A certain electronics factory in Shenzhen paid a supplier in Vietnam 5000 dollars, using the Plasma blockchain stablecoin channel. What is the transaction fee? Three cents. What is the arrival time? Three seconds.
Almost at the same time, analysts William Marshall and Bill Zu from Goldman Sachs released a report stating that the U.S. Treasury will aggressively issue short-term debt over the next two years. The scale of treasury bonds with maturities of two to seven years will significantly increase, while those with maturities of ten years or more will remain unchanged. This operation will continue until November 2026, directly pulling down the average maturity of treasury bonds.
In simple terms, it's about borrowing short-term money. When the interest rates are this high, short-term debt can indeed result in paying less interest, but the problem is that you have to borrow new to pay off old debts more frequently. Once interest rates fluctuate again, the whole situation becomes more fragile.
Interestingly, the Federal Reserve is expected to take on about half of the newly issued short-term debt. While it is shouting about reducing its balance sheet, it still has to continue buying bonds, and the cost of operating this machine is becoming increasingly burdensome.
Looking at the data on the blockchain side: the Plasma chain can handle over 1.2 million stablecoin transactions daily, with transaction fees typically at a few cents level, and settlements occur in seconds. There are no intermediaries, no complex clearing systems, and certainly none of those invisible operating costs.

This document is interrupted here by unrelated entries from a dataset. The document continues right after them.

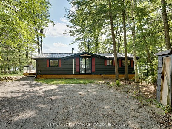 Welcome to Stewart Lake Cottage-the perfect four-season escape. Enjoy sunny South/West waterfront views on a generous, beautifully treed lot where you can soak up the sun all day and take in breathtaking star filled skies at night. Start your mornings with coffee overlooking the peaceful lake, then spend the day exploring by kayak or paddle board, enjoying backyard games, barbecuing, or relaxing by the fire. Unwind in the hot tub as you take in the serene surroundings. Recently renovated top to bottom in 2022, this charming cottage offers 3 bedrooms, a full bathroom, and ample parking. A rare feature, the property includes its own private boat launch, making lake access effortless. Additional storage is available under the deck and in the bunkie, providing space for all your seasonal gear. Whether you're seeking adventure or tranquility, Stewart Lake Cottage delivers the ideal getaway in every season.
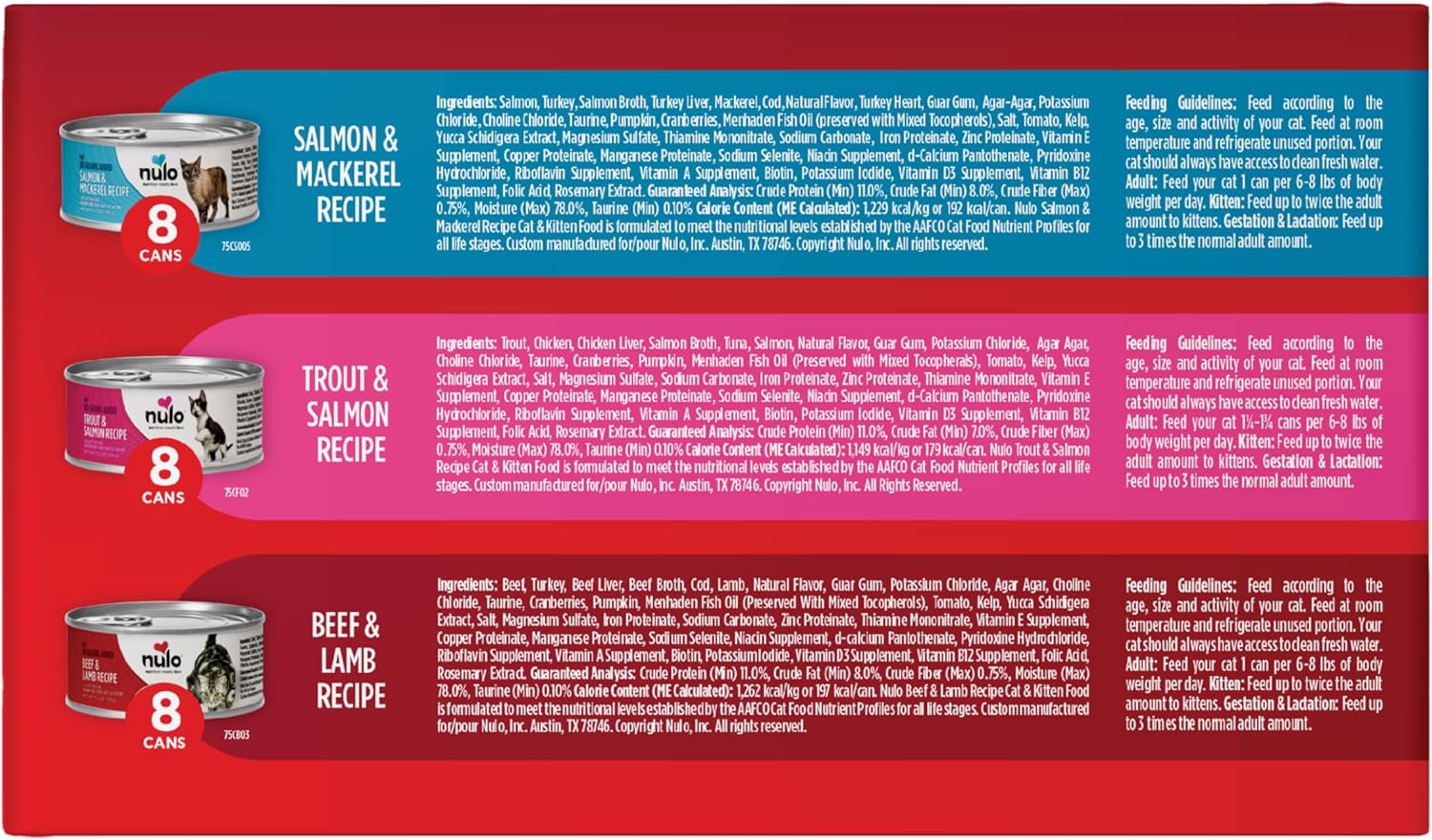 - Nulo Cat GF Salmon Trout Beef Variety Pack - 5.5 oz. - 3 Flavors - Salmon & Mackerel, Trout & Salmon, and Beef & Lamb (24 Cans Total)
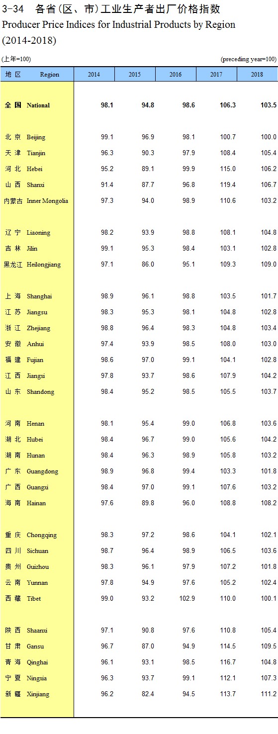 3-34 各省(区、市)工业生产者出厂价格指数(2014-2018)
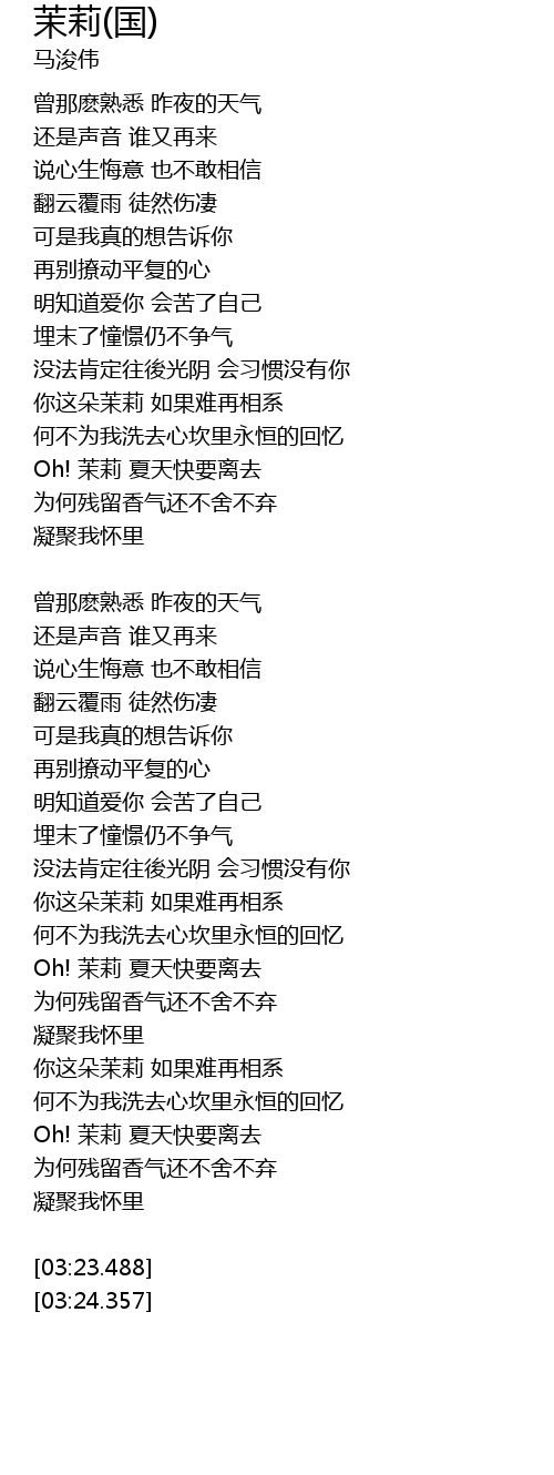 | [03:05.788] | Oh! 茉莉 夏天快要离去 |
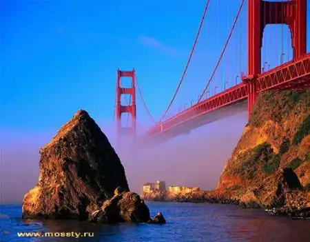 6 Очень красивый висячий мост «Golden Gate», что в переводе на русский язык означает «Золотые Ворота». Мост был построен в 1937-ом году, и несколько лет был самым большим подвесным мостом в мире. Протяженность этого моста 1970 метров, а высота проезжей части 67 метров от уровня воды. Соединяет берега Сан Франциско и округа Марин.
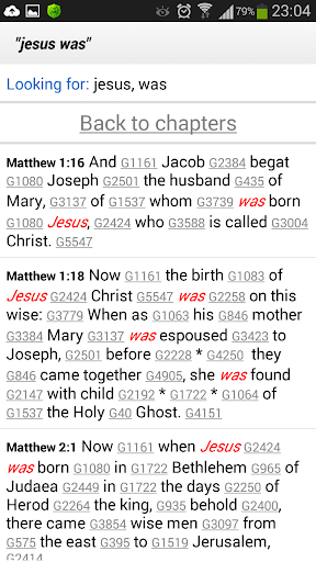 If you are annoyed about ads - try paid version "Bible & Strongs Concordance" which you find in my apps.
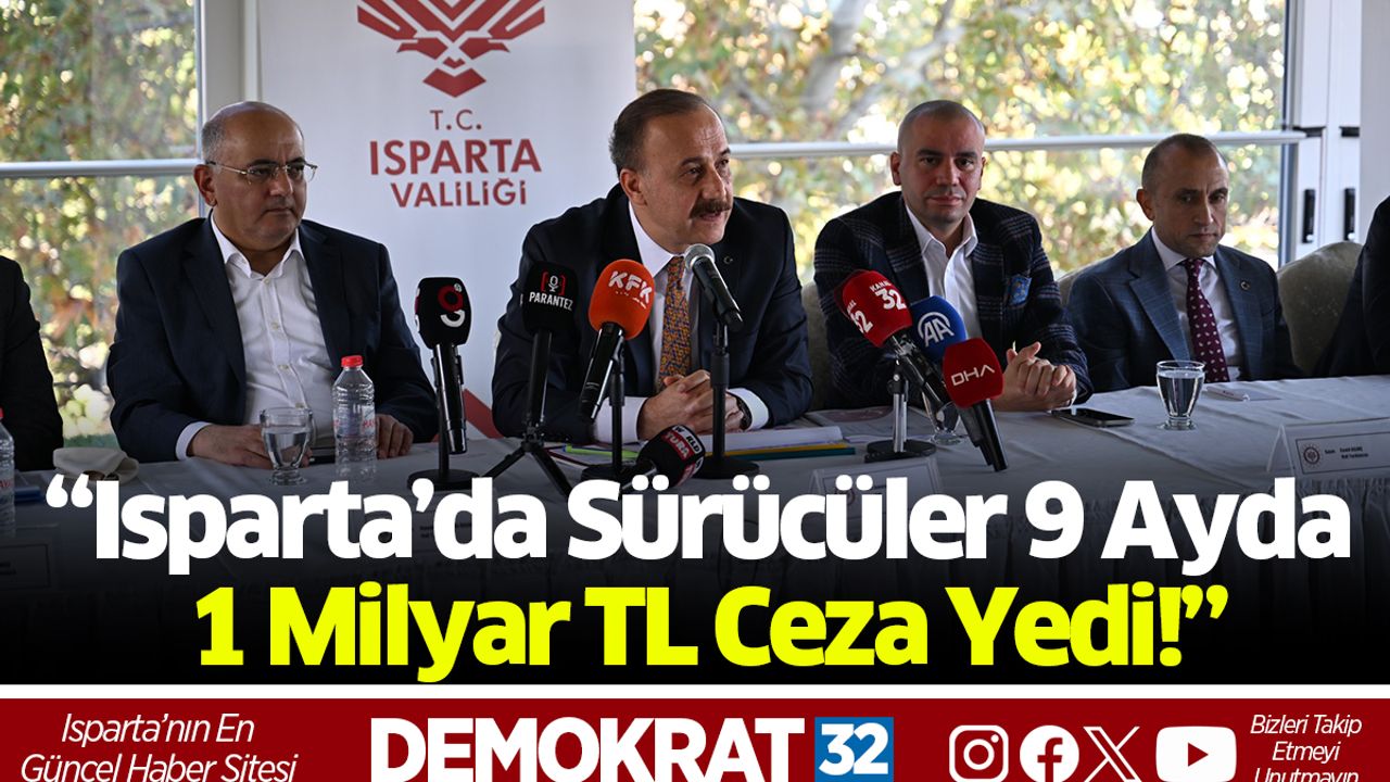 Isparta Valisi Abdullah Erin, yılın ilk 9 ayında kentte kesilen trafik cezalarının yaklaşık 1 milyar TL’ye ulaştığını açıkladı. Vali Erin, özellikle alkollü araç kullanımı, kırmızı ışık ihlali ve aşırı hız konusunda sürücüleri sert bir dille uyardı.
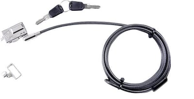 - Package Content: Keys, peripheral cable security trap, security cable (6 ft), wedge cable lock
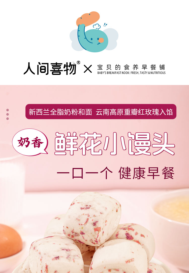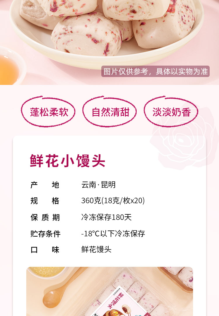 人间喜物|云南玫瑰鲜花馒头健康早餐速冻包(360g/袋)

One is the increasingly dependent traditional system on short-term financing with high costs; the other is the new infrastructure with costs approaching zero and maximum efficiency. These two parallel lines are racing on their respective tracks.
The finance department of that electronics factory in Shenzhen may not care at all about the debt maturity structure; they only know that this cross-border transfer saved them a few hundred yuan in fees and that they don't have to wait two or three days for the funds to arrive. Such cases happen quietly every day all over the world.
What will the future of finance look like? Perhaps there is no need to predict; we just need to see which system can solve real problems with lower costs and faster speeds. The numbers are clear.